На кровати лежал человек. Конечно, это была не Маргарита Николаевна, а какой-то парень лет двадцати с небольшим, впрочем, немного он на Маргариту Николаевну походил – сутулой спиной. Из-под кровати торчала большая спортивная сумка, рядом валялись сапоги. Сафьян, вспомнил я. Из тонкой гладкой и блестящей кожи. Всмятку. Раньше я полагал, что это лишь выражение, но теперь убедился в его точности – сапоги лежали действительно всмятку, слишком мягкие, чтобы держать форму.

А на подоконнике гармонь.

При виде гармони я едва не рассмеялся, но быстро понял, что не очень смешно.

– Это что у него, сабля? – указал Хазин.

– Шашка, – поправил я. – Кажется…

Посторонний человек лежал на кровати в обнимку с шашкой.

– Что он у меня делает в номере? – нервно спросил Хазин. – Кто это?

Хороший вопрос.

Я подошел к кровати и пнул ножку. Человек не проснулся.

– Осторожнее, – посоветовал Хазин. – Может и чикануть…
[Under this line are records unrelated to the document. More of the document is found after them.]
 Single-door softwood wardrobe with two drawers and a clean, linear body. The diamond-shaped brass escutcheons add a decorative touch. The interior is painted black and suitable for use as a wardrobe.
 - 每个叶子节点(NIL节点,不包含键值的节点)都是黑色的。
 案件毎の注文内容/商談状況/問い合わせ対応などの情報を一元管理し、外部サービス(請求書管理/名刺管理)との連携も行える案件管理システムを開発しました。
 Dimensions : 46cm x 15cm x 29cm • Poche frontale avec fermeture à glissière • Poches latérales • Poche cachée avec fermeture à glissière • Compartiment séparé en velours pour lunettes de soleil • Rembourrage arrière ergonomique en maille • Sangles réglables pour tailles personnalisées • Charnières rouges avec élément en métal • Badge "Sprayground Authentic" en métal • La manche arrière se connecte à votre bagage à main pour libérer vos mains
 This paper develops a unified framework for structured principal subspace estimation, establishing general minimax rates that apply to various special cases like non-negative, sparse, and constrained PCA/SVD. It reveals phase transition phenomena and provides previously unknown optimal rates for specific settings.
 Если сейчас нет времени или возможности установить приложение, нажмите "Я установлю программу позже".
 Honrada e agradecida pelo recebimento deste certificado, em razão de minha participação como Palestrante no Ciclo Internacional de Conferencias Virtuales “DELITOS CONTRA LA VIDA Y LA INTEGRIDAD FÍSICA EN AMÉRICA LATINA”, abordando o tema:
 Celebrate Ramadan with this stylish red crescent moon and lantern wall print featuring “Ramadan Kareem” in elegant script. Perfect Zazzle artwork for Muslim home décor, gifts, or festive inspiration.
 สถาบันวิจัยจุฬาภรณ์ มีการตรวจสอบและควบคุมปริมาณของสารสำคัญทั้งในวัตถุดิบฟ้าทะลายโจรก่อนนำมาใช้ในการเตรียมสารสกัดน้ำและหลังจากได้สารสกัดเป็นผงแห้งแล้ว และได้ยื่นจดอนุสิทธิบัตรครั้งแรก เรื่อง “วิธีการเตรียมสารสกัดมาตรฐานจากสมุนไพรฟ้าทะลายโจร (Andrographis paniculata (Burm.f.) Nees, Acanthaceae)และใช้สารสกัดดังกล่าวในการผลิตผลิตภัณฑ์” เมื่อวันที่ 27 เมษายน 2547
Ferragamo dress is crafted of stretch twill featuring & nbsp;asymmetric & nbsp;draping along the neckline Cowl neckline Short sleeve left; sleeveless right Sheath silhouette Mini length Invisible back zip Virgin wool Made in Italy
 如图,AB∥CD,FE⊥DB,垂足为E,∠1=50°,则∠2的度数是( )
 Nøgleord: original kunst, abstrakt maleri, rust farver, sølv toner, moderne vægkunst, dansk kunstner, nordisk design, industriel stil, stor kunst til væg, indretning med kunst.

Я пнул ножку еще раз. Человек вздрогнул и проснулся.

– Ты кто? – спросил Хазин.

– Роман, – ответил человек. – А вы?

– Я Хазин и здесь живу.

Роман сел и огляделся. Шашку положил на сумку.

– Мне этот номер дали, – сказал он, зевая. – Я не знал, что здесь живут…

– Здесь я живут. То есть живу.

– Да ладно, ладно. – Роман выбрался из койки и стал вяло одеваться в свое. – Я же не сам, мне ключи на вахте дали…

– Это происки Маргариты, – шепнул Хазин. – Это она! Я тут две недели живу, а она ко мне подселяет и подселяет…

– Да-да…

Роман оделся, натянул сапоги, щелкнул пятками.

– Я сейчас уйду… Сегодня что, пятница?

Роман зевнул и посмотрел на нас одурело.

– Тут клопы, между прочим, водятся, – сказал Хазин.

– Клопы… Да везде клопы… Вы бы видели, какие клопы в Кинешме…

Роман показал пальцами. Не думал, что такие бывают, размером с мелкую вишню. Возможно, поэтому Роман спал в обнимку с шашкой.

– Они так тогда Валентину искусали, что она вся чесалась, а она в общем-то привычная.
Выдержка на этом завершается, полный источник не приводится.